Parameterized queries only. No string interpolation of user input into Cypher. We covered why in our preventing Cypher injection post.

Step 3: Provision Shared Credentials into Tenant Namespaces

Each customer org runs in its own Kubernetes namespace. The agents in that namespace need credentials to reach the shared Neo4j instance. We mirror the credentials from the central namespace into each tenant namespace as a Kubernetes Secret.

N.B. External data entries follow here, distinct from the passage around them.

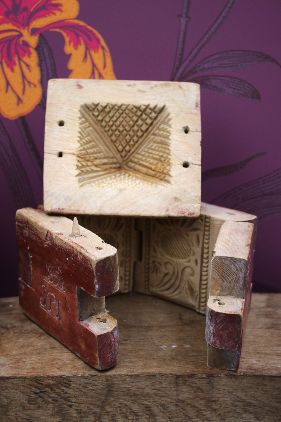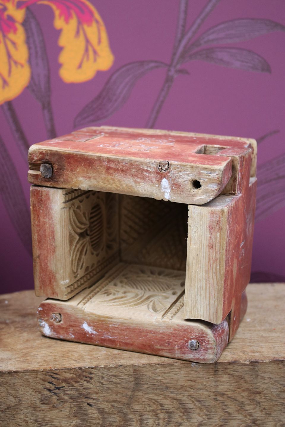 Sjælden , antik svensk 1800 tals smørform i træ med original farve.
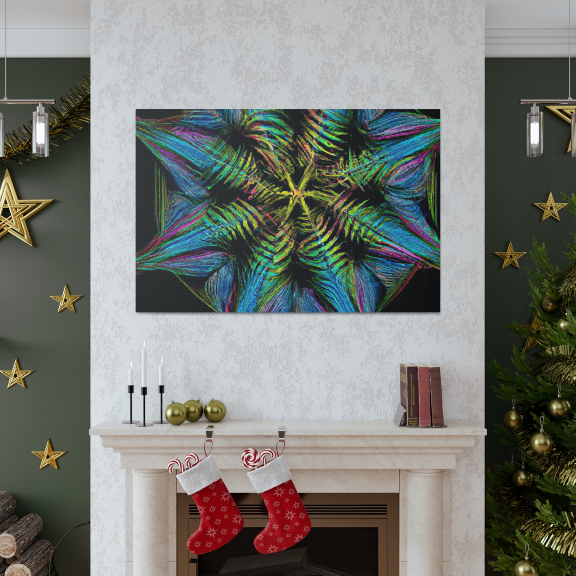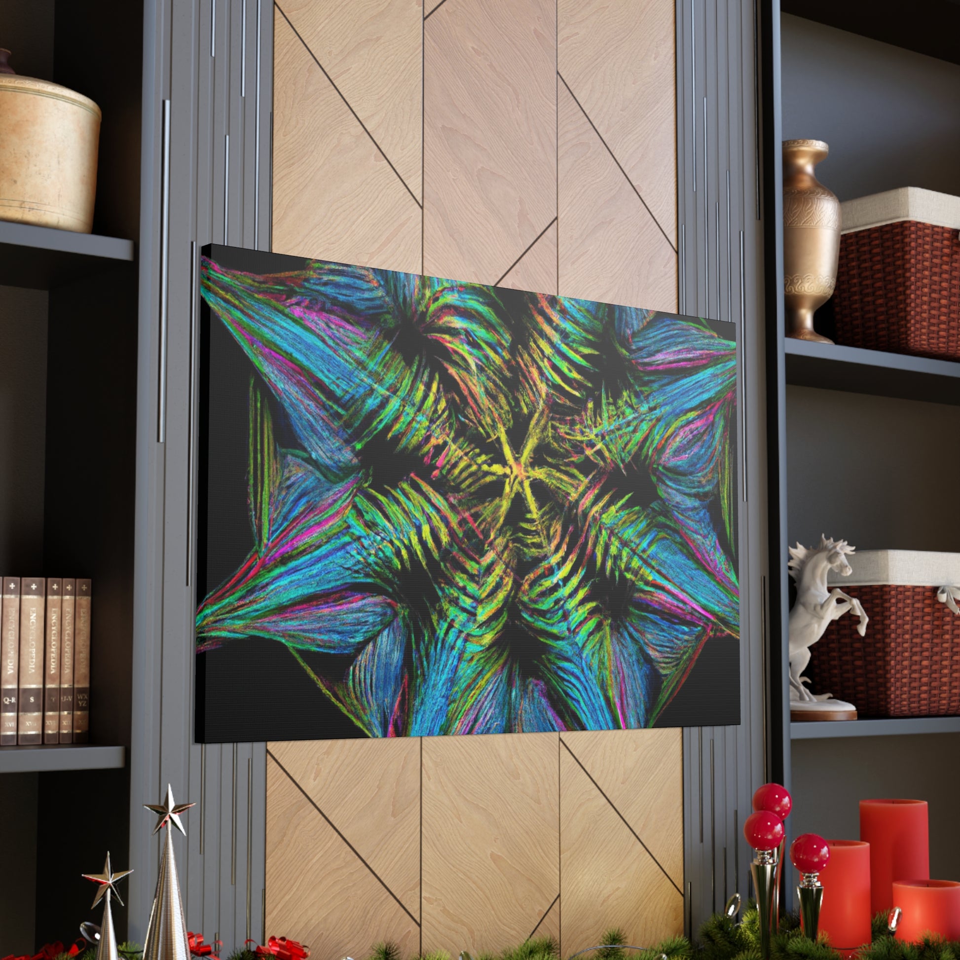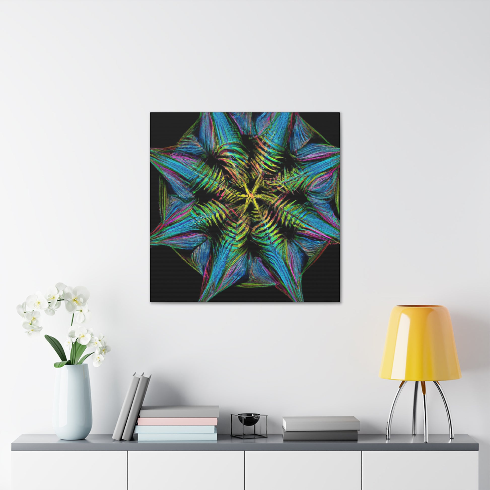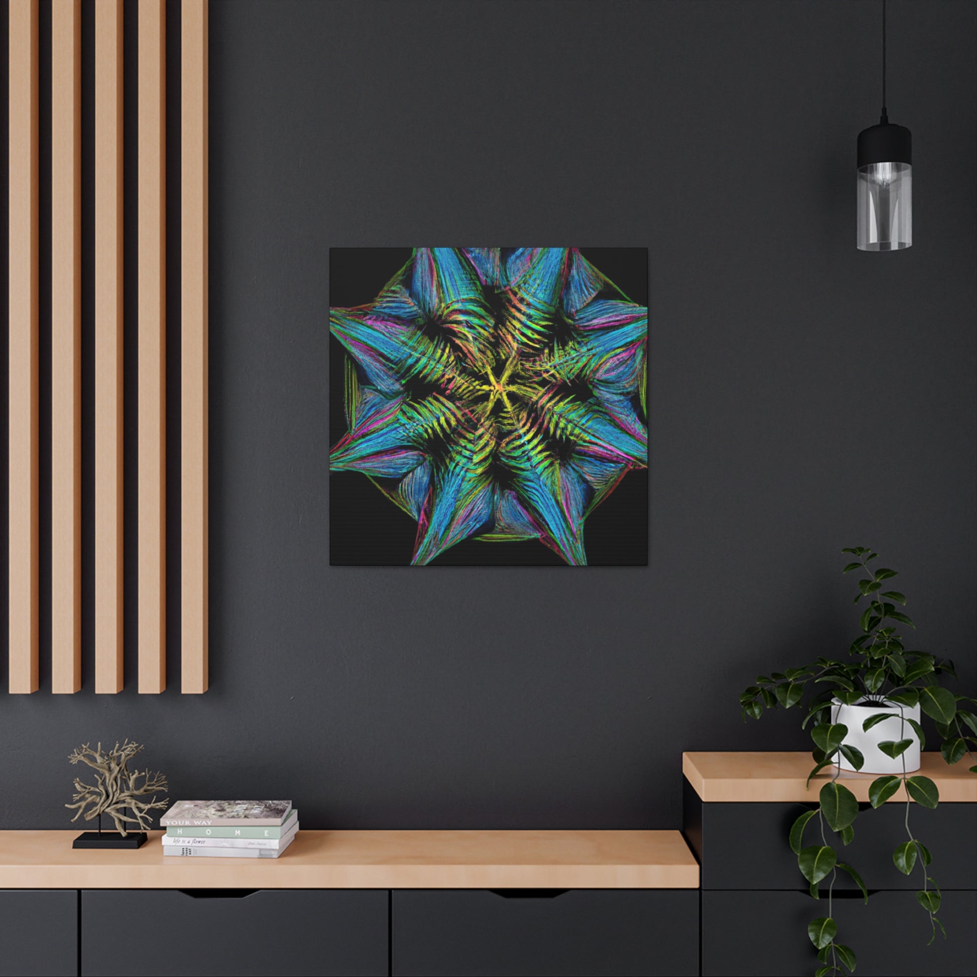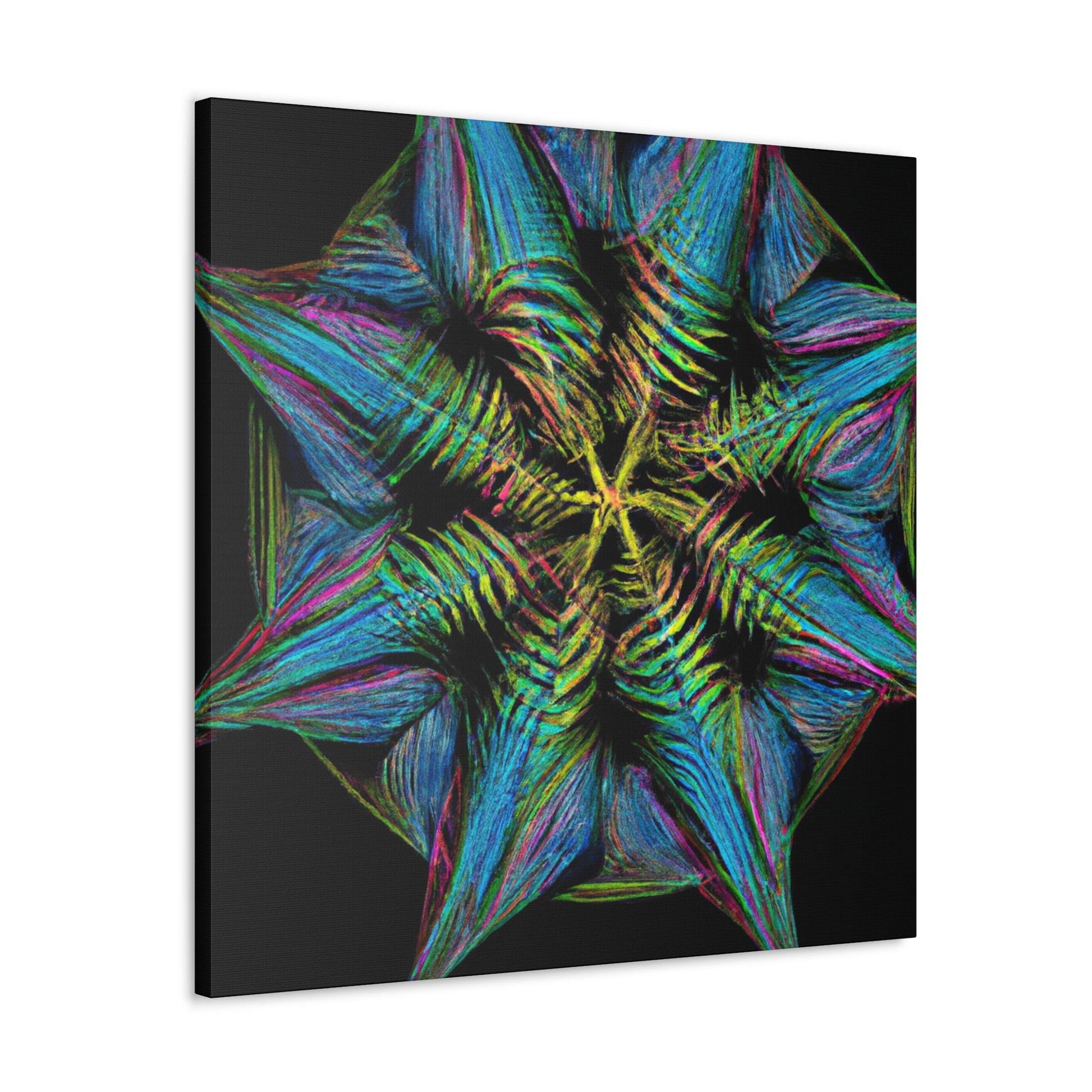 This vibrant, abstract canvas features a stunning geometric palm leaf design. Combining digital art, kaleidoscope patterns, 3D lines, fractal shapes, and gorgeous colors, this unique work of art is the perfect addition to any home! Bring a fun and modern look to any space with this digital masterpiece! #abstractcanvas #palmleaves #geometricart #digitalpainting #vibrantcolors #homeaccessories #3Dlines #fractal #kaleidoscope #artdecor #trippyart
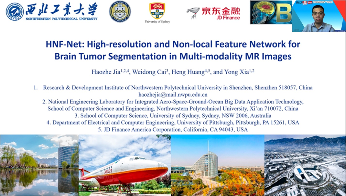 图3. 贾灏哲通过视频在MICCAI 2020 Workshop on BraTS上介绍上述研究成果

# deployment.py -- runs during tenant provisioning

def ensure_neo4j_credentials_secret(org_id: str, namespace: str):
    """Mirror shared Neo4j credentials into a tenant namespace."""
    central_secret = core_v1.read_namespaced_secret(
        name="neo4j-shared-credentials", namespace="genbrain-system"
    )
    tenant_secret = client.V1Secret(
        metadata=client.V1ObjectMeta(
            name="neo4j-credentials",
            namespace=namespace,
            labels={"genbrain.ai/org-id": org_id},
        ),
        data=central_secret.data,
    )
    # Create or update the secret in the tenant namespace
    try:
        core_v1.create_namespaced_secret(namespace, tenant_secret)
    except ApiException as e:
        if e.status == 409:
            core_v1.replace_namespaced_secret(
                "neo4j-credentials", namespace, tenant_secret)
        else:
            raise

The agent StatefulSet template picks up these credentials as environment variables:

# statefulset-agent-template.yaml (relevant excerpt)
env:
  - name: NEO4J_URI
    value: "bolt://neo4j.genbrain-system.svc.cluster.local:7687"
  - name: NEO4J_DATABASE
    value: "knowledge"
  - name: NEO4J_AUTH
    valueFrom:
      secretKeyRef:
        name: neo4j-credentials
        key: auth
  - name: ORG_ID
    valueFrom:
      fieldRef:
        fieldPath: metadata.labels['genbrain.ai/org-id']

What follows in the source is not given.